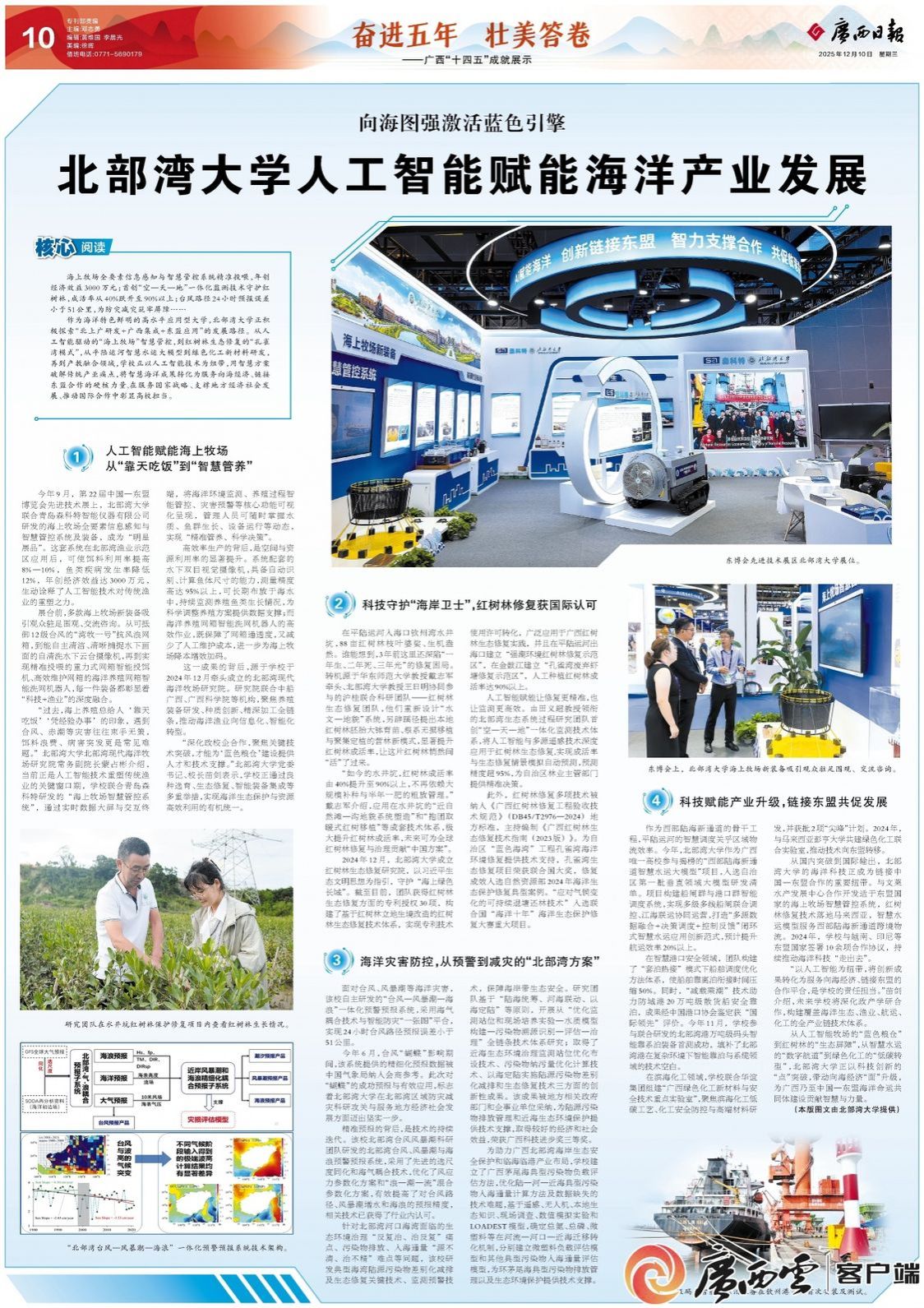 从人工智能牧场的“蓝色粮仓”到红树林的“生态屏障”,从智慧水运的“数字航道”到绿色化工的“低碳转型”,北部湾大学正以科技创新的“点”突破,带动向海经济“面”升级,为广西乃至中国—东盟海洋命运共同体建设贡献智慧与力量。
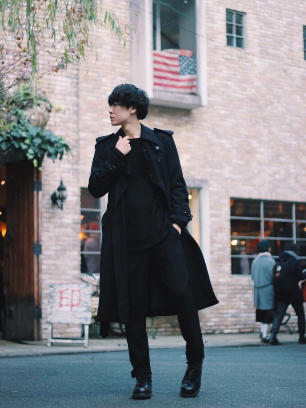 DOG KYOTO styling 古着のトレンチコートを主役に細身のシルエットを強調しました。 そして髪を切りました。笑
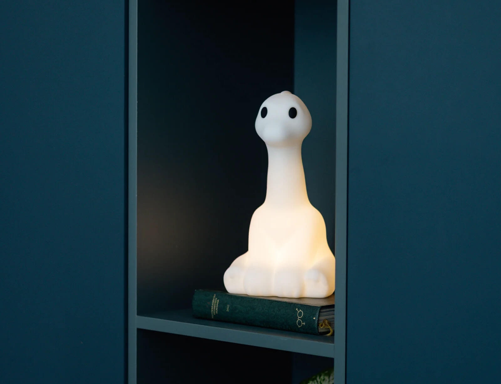 Φωτίστε τα όνειρα του μικρού σας φίλου με έναν φιλικό δεινόσαυρο! Το απαλό, ζεστό φως του και ο γαλήνιος σχεδιασμός του δημιουργούν μια ζεστή και χαλαρωτική ατμόσφαιρα για την ώρα του ύπνου. Το φωτιστικό είναι κατασκευασμένο από μαλακή, ασφαλή για παιδιά σιλικόνη, που προσφέρει ευχάριστη υφή και προστατεύει το προϊόν από πιθανά χτυπήματα ή πτώσεις. Όταν ανάβει, ολόκληρη η φιγούρα φωτίζεται με ένα όμορφο, ομοιόμορφο φως.
────────────────────────────────────────
TASK
Could you set down, exactly as written, every line from the one with "DOG KYOTO styling" to the end of the data, both ends included? Leave out the pictures.

RESULT OF THIS TASK
 DOG KYOTO styling 古着のトレンチコートを主役に細身のシルエットを強調しました。 そして髪を切りました。笑
 Φωτίστε τα όνειρα του μικρού σας φίλου με έναν φιλικό δεινόσαυρο! Το απαλό, ζεστό φως του και ο γαλήνιος σχεδιασμός του δημιουργούν μια ζεστή και χαλαρωτική ατμόσφαιρα για την ώρα του ύπνου. Το φωτιστικό είναι κατασκευασμένο από μαλακή, ασφαλή για παιδιά σιλικόνη, που προσφέρει ευχάριστη υφή και προστατεύει το προϊόν από πιθανά χτυπήματα ή πτώσεις. Όταν ανάβει, ολόκληρη η φιγούρα φωτίζεται με ένα όμορφο, ομοιόμορφο φως.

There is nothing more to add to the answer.